DATASET:
---*---

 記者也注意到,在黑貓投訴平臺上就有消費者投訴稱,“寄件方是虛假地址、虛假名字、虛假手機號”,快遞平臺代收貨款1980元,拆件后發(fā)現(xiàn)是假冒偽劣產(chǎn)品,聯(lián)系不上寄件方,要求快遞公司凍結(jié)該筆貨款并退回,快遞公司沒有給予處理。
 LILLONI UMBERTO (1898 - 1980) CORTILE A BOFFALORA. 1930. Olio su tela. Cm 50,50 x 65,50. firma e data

---*---

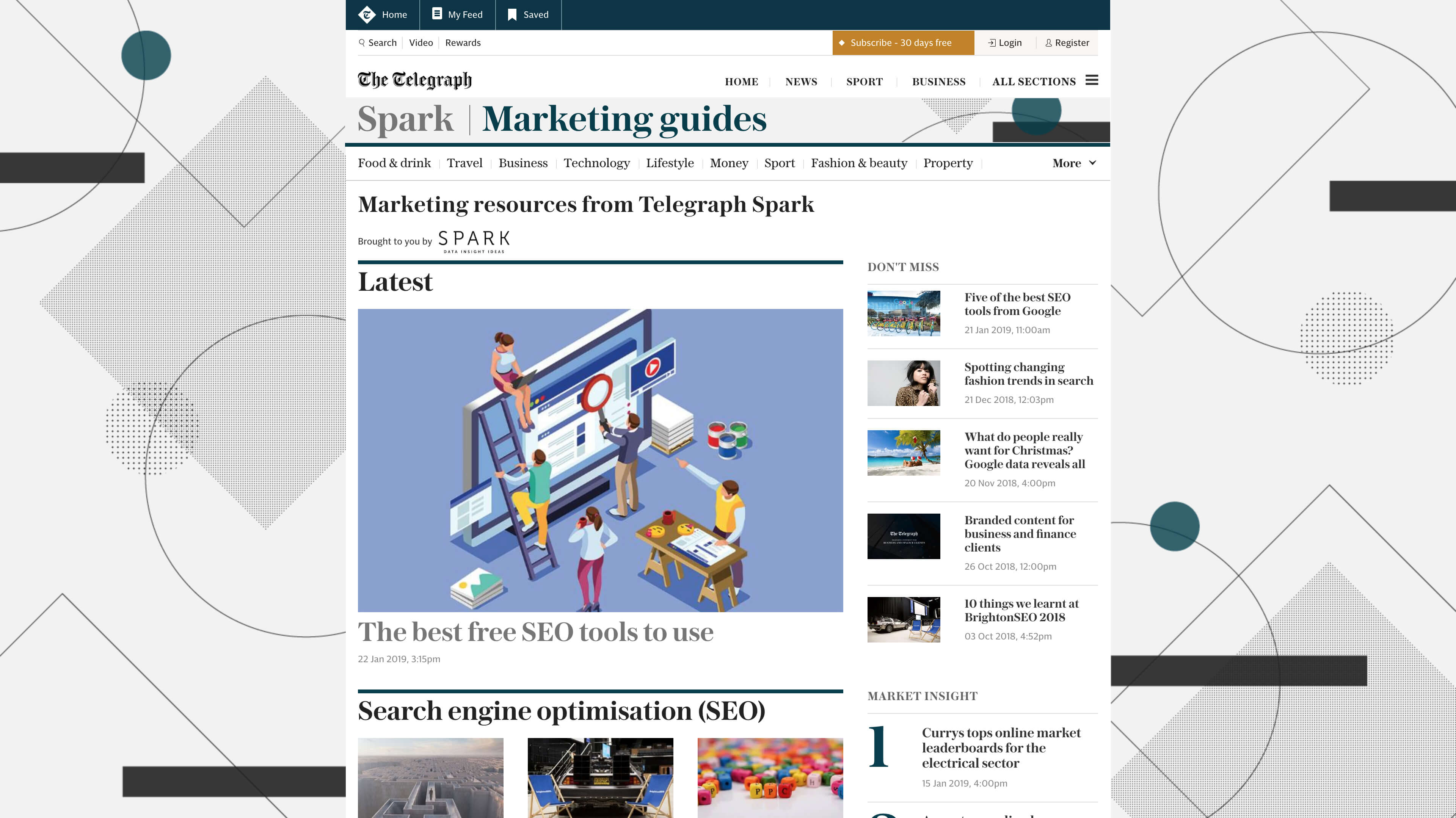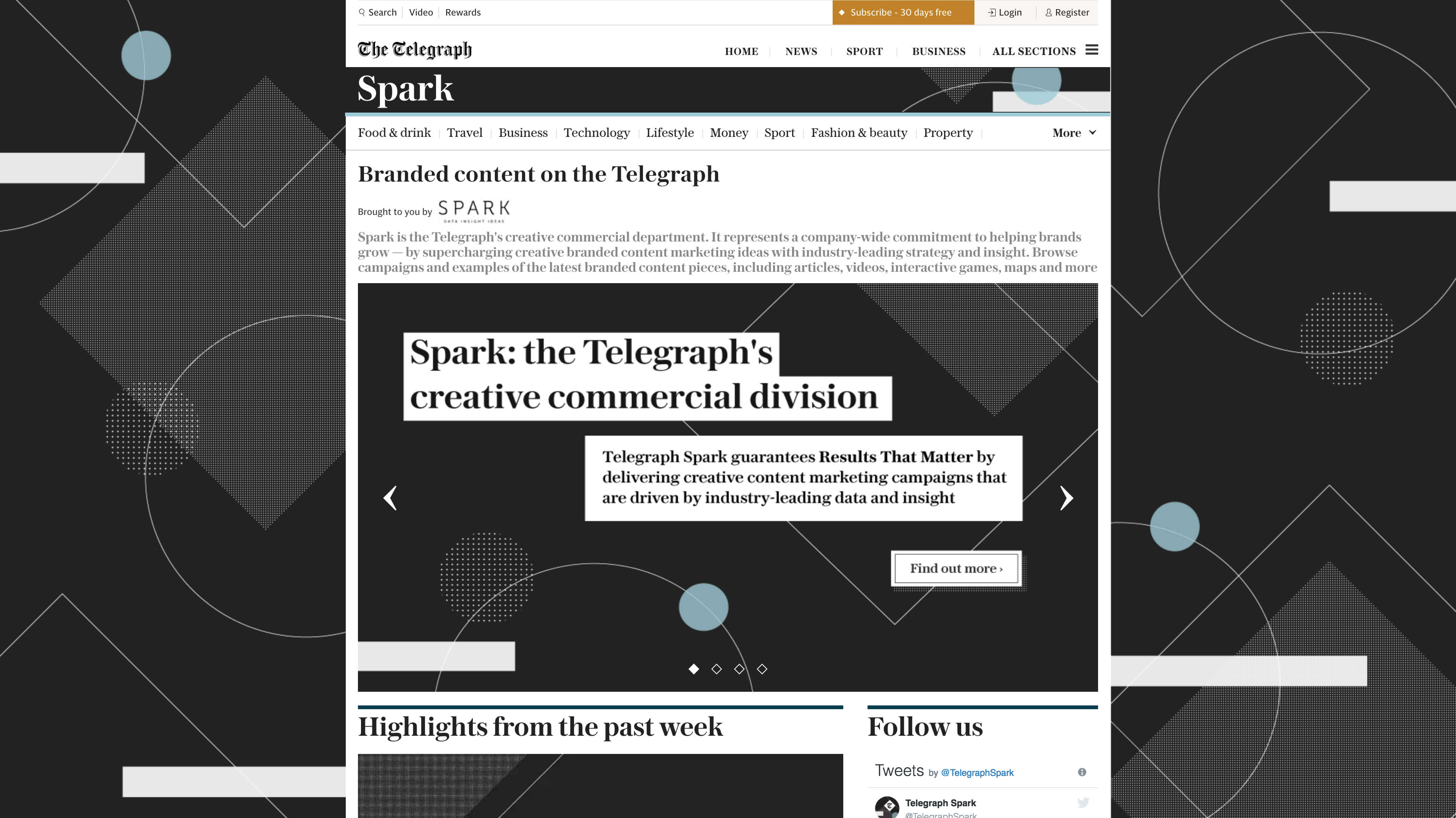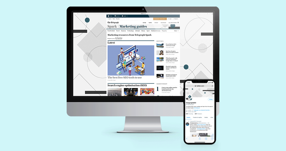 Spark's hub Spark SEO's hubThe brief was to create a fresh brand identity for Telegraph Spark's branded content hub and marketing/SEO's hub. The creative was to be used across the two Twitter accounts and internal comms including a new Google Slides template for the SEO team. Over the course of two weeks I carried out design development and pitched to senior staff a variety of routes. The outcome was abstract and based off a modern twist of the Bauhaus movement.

---*---

After locating the line with "記者也注意到,在黑貓投訴平臺" in the material above, return it and each line after it exactly, ending at the line with "LILLONI UMBERTO (1898".

OUTPUT OF THE EXERCISE:
 記者也注意到,在黑貓投訴平臺上就有消費者投訴稱,“寄件方是虛假地址、虛假名字、虛假手機號”,快遞平臺代收貨款1980元,拆件后發(fā)現(xiàn)是假冒偽劣產(chǎn)品,聯(lián)系不上寄件方,要求快遞公司凍結(jié)該筆貨款并退回,快遞公司沒有給予處理。
 LILLONI UMBERTO (1898 - 1980) CORTILE A BOFFALORA. 1930. Olio su tela. Cm 50,50 x 65,50. firma e data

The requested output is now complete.